[Activity]: Retype the listing below line for line, but only from the line with "Garage - 6.10m" down to the line with "7第15帧处插入一个关键帧,改变圆圈图形的大小和透明度。", inclusive. Pictures stay out.

[Dataset extract]:
○ ○ ○

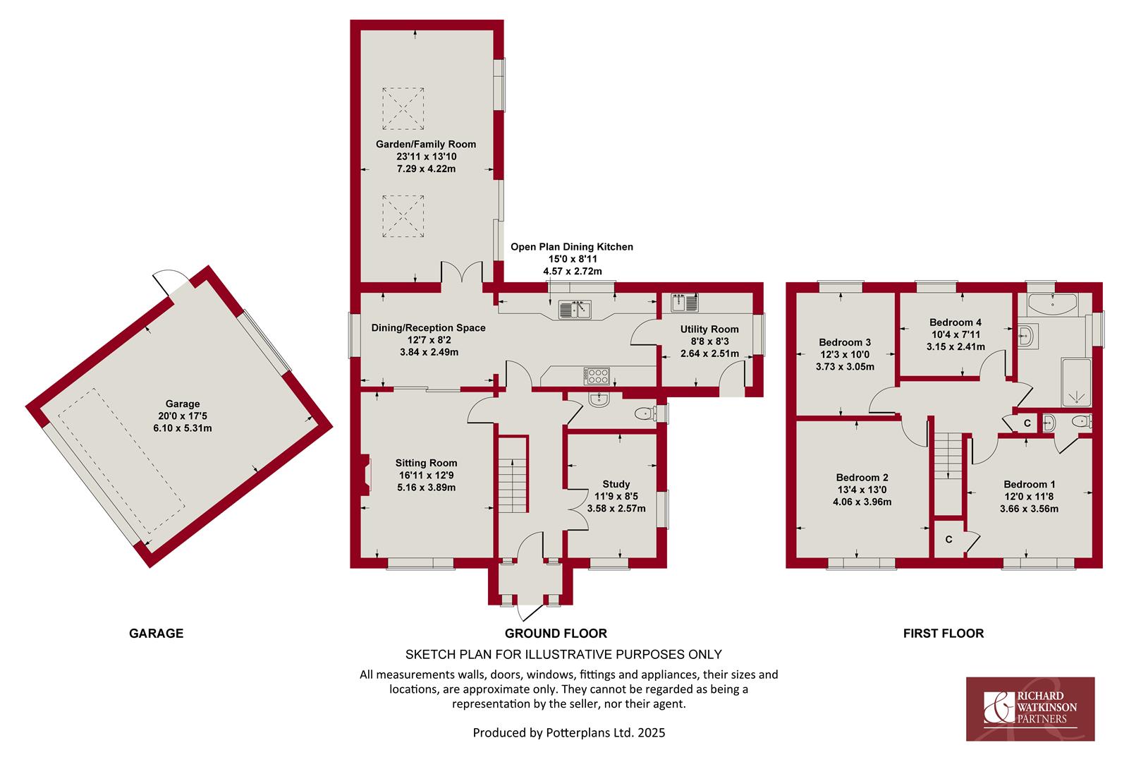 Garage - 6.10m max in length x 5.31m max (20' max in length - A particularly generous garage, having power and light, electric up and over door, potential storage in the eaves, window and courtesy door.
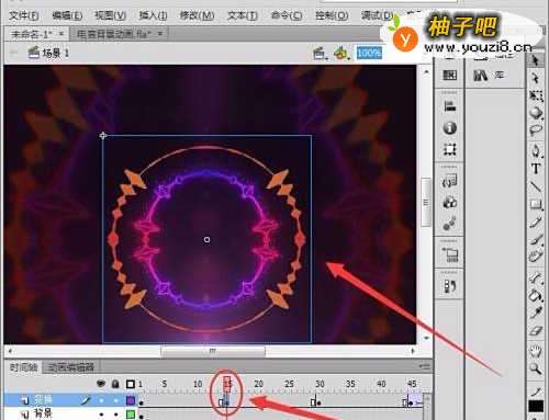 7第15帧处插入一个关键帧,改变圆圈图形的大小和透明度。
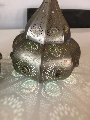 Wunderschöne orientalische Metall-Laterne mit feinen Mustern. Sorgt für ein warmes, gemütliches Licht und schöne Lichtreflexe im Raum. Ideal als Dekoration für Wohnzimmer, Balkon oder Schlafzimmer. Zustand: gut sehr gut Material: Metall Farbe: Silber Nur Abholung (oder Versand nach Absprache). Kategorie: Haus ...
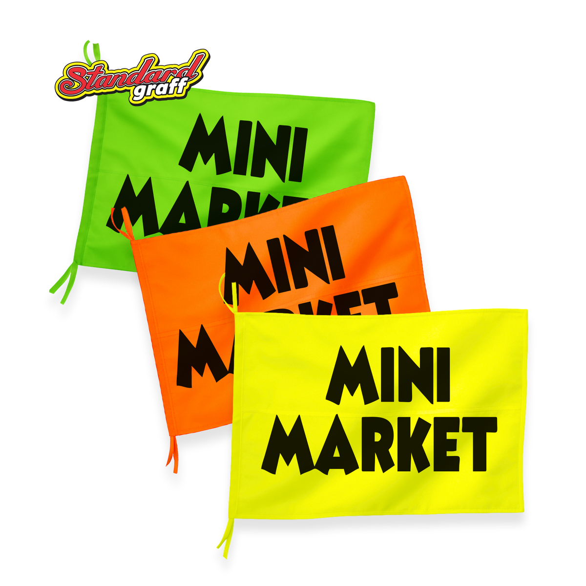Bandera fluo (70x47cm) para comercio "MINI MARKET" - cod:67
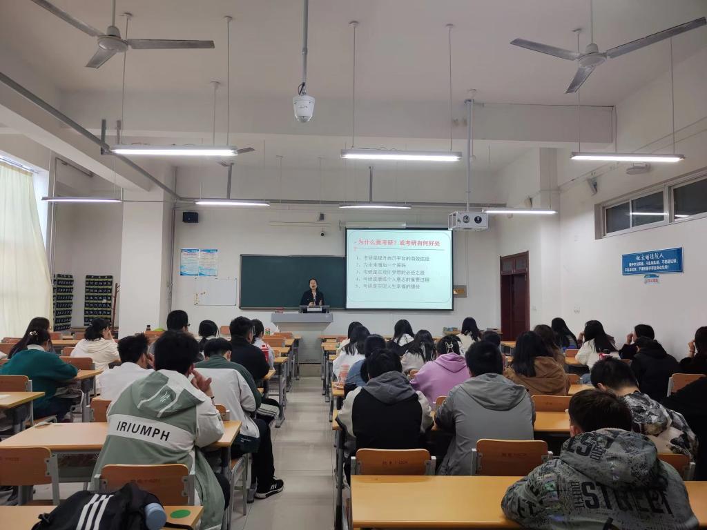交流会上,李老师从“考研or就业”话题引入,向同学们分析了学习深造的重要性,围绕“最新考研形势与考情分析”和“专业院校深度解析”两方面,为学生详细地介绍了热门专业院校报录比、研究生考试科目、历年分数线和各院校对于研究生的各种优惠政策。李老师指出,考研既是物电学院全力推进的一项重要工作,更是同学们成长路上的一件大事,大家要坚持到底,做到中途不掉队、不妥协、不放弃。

○ ○ ○

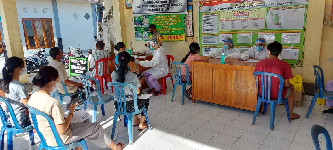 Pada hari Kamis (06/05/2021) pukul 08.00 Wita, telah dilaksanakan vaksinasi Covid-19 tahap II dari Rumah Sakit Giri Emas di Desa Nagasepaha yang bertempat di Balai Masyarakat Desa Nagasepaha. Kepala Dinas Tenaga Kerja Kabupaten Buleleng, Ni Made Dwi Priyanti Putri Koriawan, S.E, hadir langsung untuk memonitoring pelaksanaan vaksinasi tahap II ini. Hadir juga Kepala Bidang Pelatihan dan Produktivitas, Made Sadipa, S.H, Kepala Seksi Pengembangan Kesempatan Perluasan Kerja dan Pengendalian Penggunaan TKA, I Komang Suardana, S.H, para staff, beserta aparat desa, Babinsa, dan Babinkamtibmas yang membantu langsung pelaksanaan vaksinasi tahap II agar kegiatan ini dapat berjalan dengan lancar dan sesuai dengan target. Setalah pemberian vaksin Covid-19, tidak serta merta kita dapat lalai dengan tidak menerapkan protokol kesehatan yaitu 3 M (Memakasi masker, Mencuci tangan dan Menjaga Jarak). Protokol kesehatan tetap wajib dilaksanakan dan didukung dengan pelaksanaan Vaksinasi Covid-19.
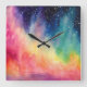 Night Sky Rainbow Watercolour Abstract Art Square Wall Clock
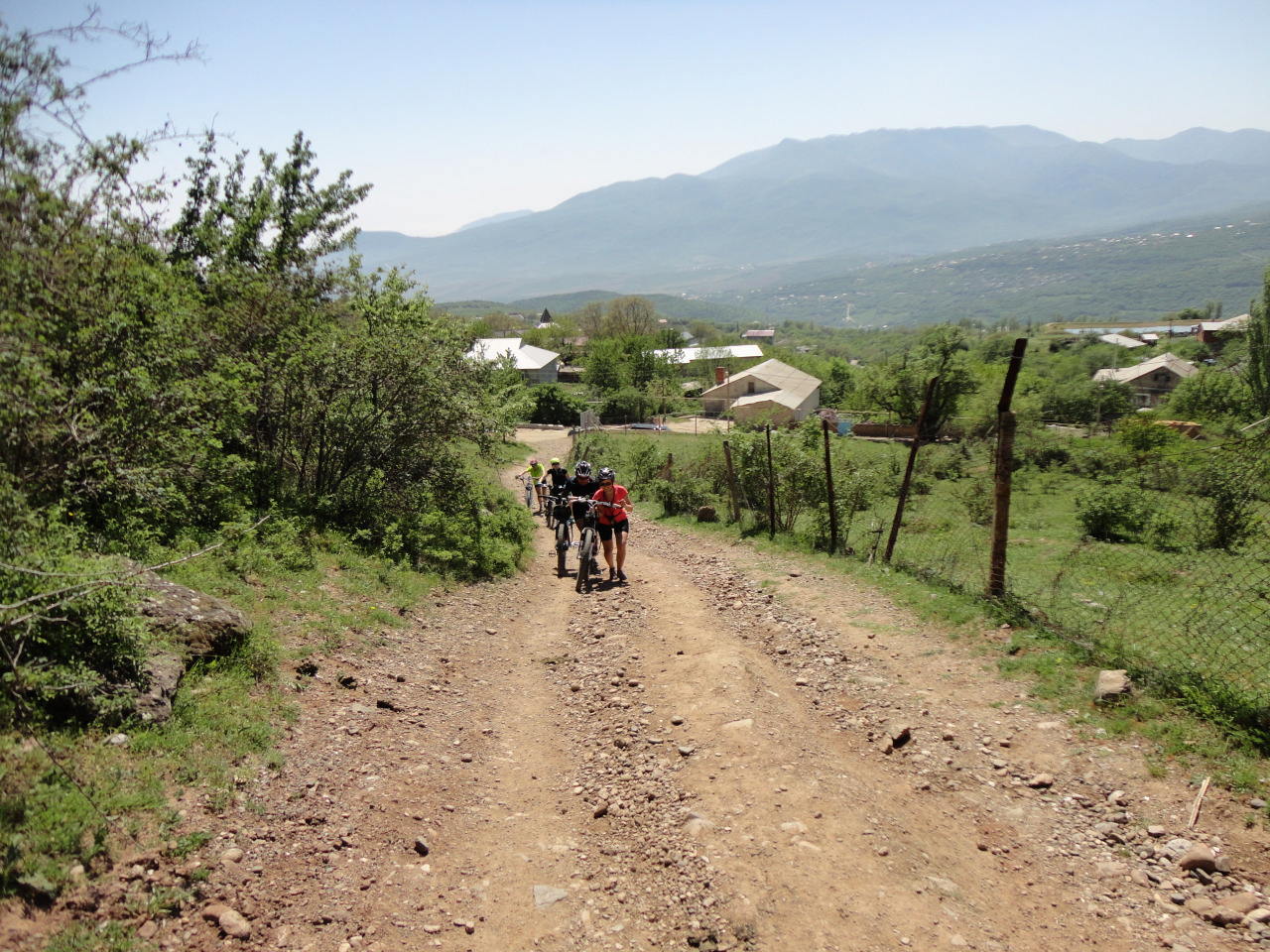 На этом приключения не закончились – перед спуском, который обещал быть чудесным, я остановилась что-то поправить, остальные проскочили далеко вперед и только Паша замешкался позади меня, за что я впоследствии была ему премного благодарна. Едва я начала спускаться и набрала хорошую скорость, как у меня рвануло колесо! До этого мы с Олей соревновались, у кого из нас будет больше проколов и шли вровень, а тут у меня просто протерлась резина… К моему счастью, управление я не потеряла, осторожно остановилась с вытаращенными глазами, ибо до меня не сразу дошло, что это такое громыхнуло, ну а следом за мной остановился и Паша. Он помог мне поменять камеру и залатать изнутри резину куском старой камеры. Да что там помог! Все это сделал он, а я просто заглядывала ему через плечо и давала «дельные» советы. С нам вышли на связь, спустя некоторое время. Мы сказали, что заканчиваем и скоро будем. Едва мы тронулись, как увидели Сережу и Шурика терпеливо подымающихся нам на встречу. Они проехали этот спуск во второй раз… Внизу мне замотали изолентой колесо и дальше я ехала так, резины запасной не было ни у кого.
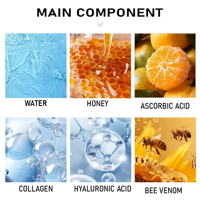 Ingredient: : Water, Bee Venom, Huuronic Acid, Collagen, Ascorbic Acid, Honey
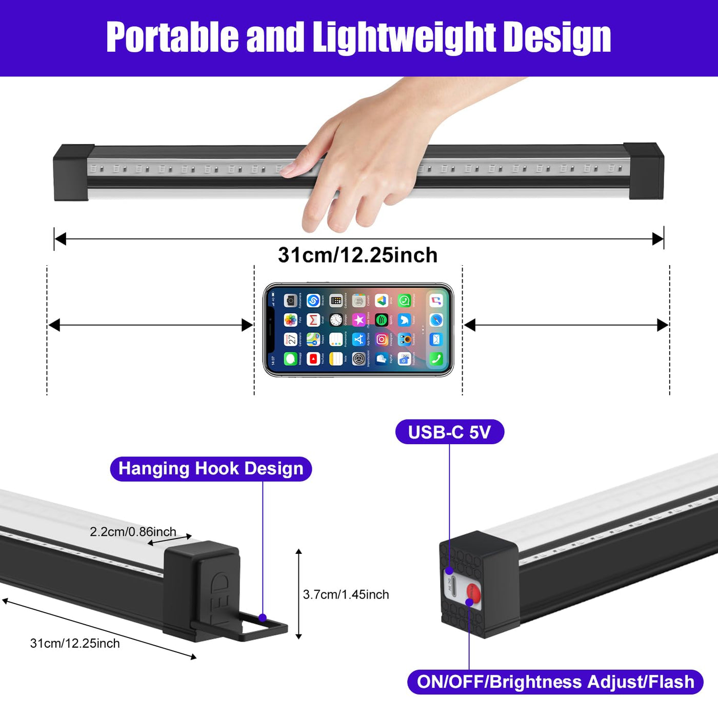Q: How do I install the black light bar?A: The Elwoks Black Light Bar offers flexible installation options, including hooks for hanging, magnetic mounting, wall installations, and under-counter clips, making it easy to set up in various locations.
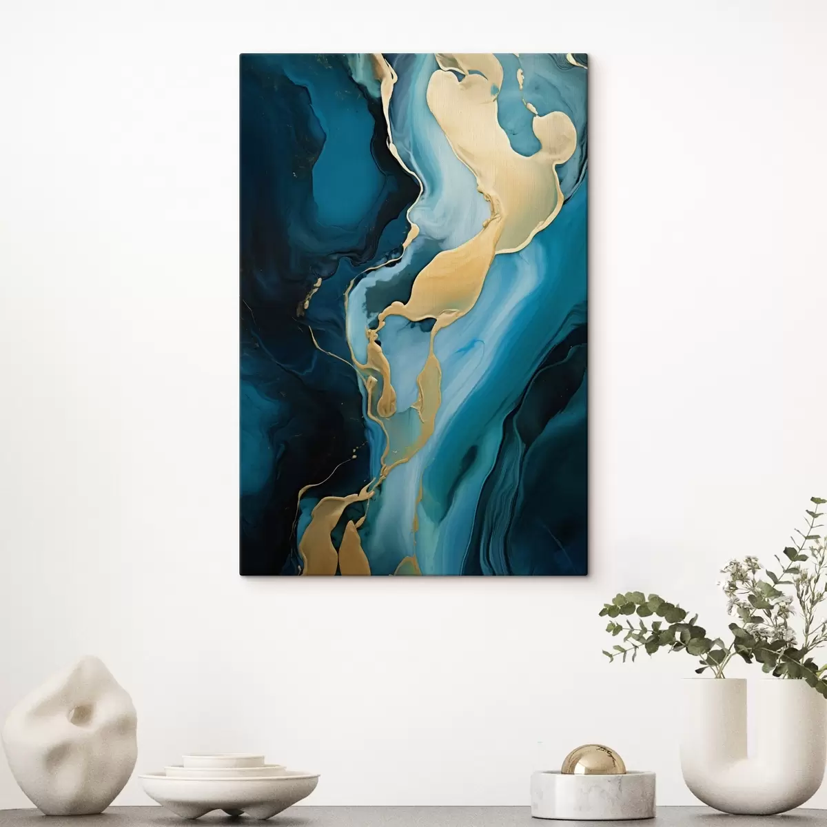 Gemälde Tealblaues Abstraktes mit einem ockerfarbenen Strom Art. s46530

○ ○ ○

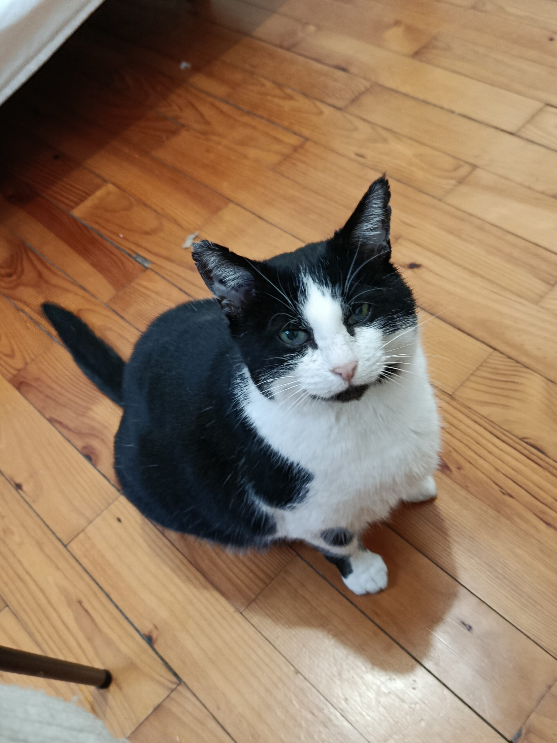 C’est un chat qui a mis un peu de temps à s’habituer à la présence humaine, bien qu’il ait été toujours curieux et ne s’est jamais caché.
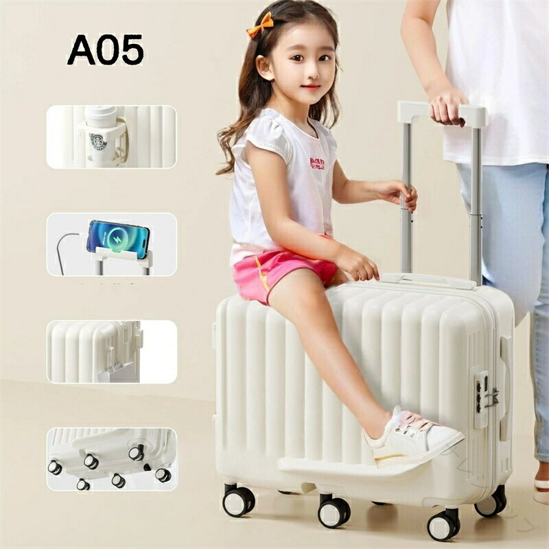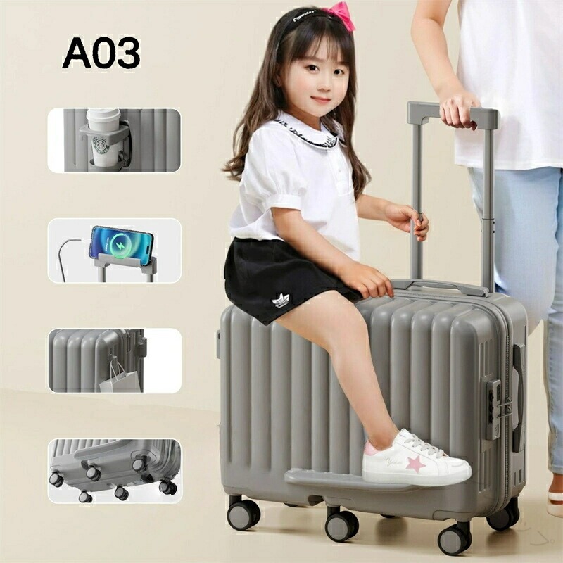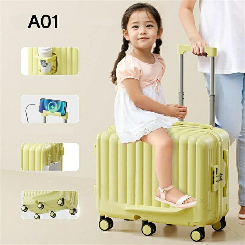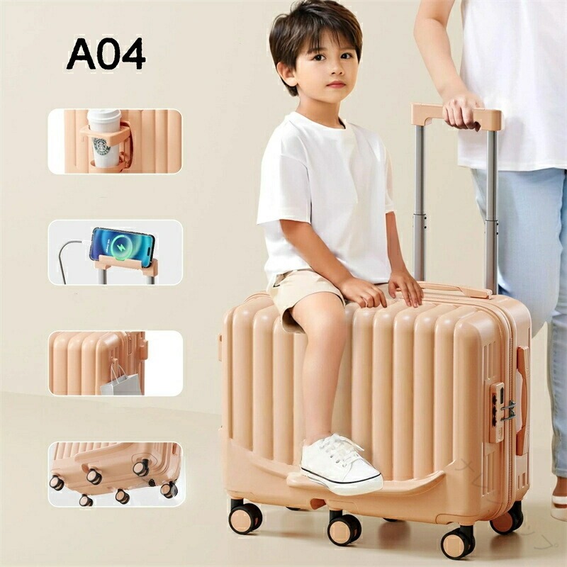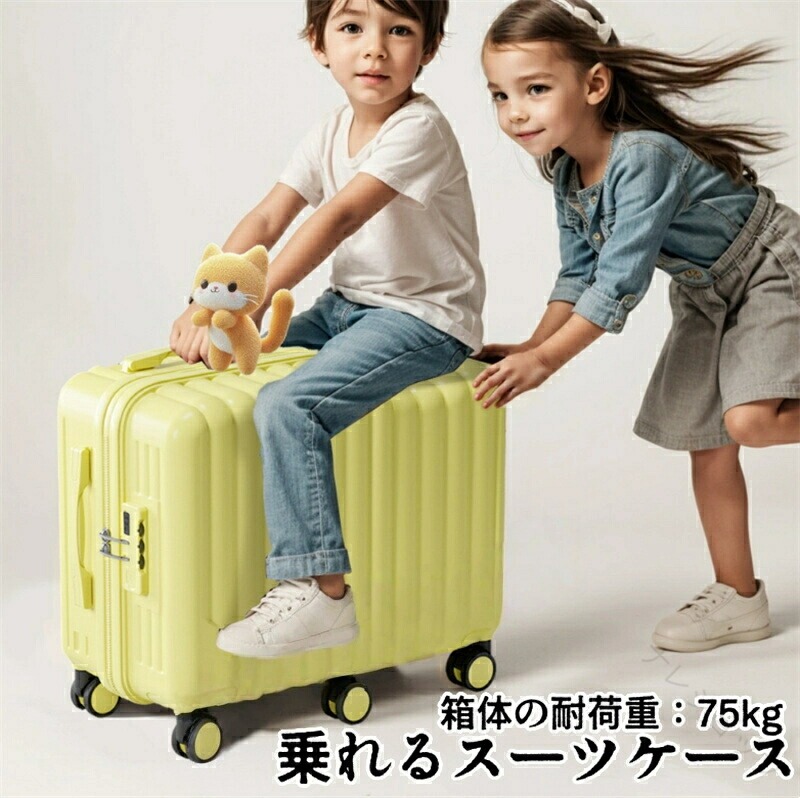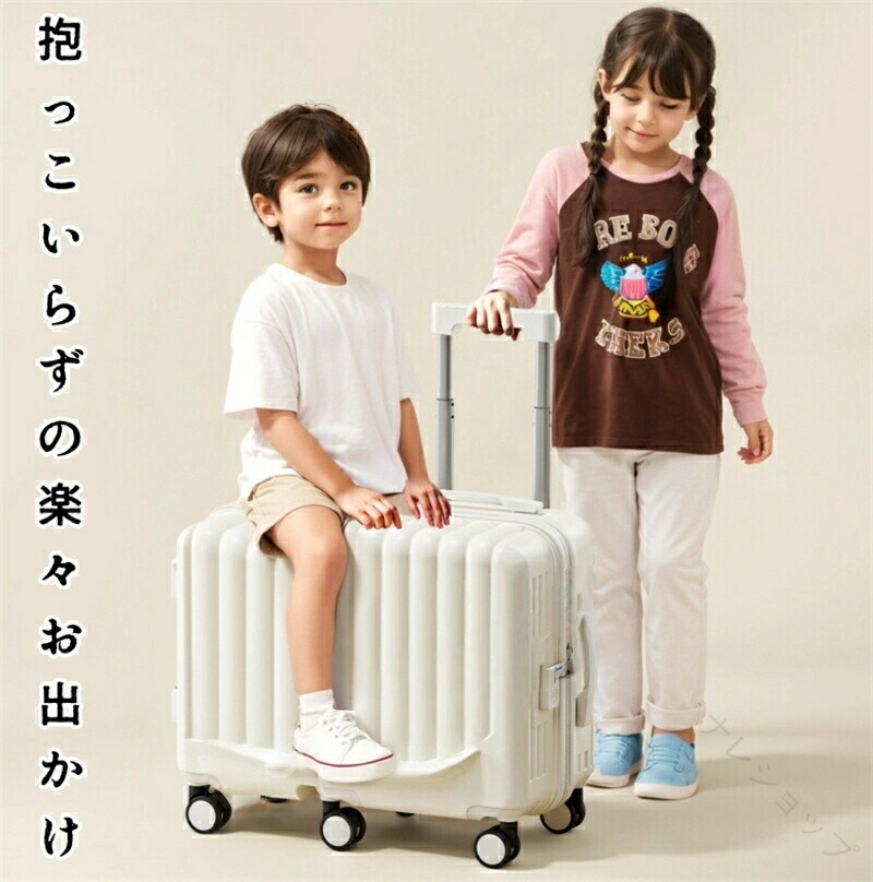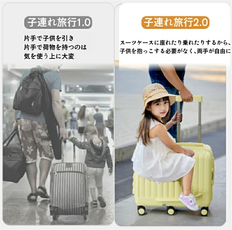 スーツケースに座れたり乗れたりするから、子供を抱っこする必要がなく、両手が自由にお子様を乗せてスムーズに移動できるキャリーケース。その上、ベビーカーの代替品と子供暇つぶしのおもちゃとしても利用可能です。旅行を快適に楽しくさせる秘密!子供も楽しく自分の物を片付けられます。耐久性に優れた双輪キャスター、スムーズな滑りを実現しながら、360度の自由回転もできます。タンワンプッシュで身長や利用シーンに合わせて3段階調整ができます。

○ ○ ○

[Result below]:
 Garage - 6.10m max in length x 5.31m max (20' max in length - A particularly generous garage, having power and light, electric up and over door, potential storage in the eaves, window and courtesy door.
 7第15帧处插入一个关键帧,改变圆圈图形的大小和透明度。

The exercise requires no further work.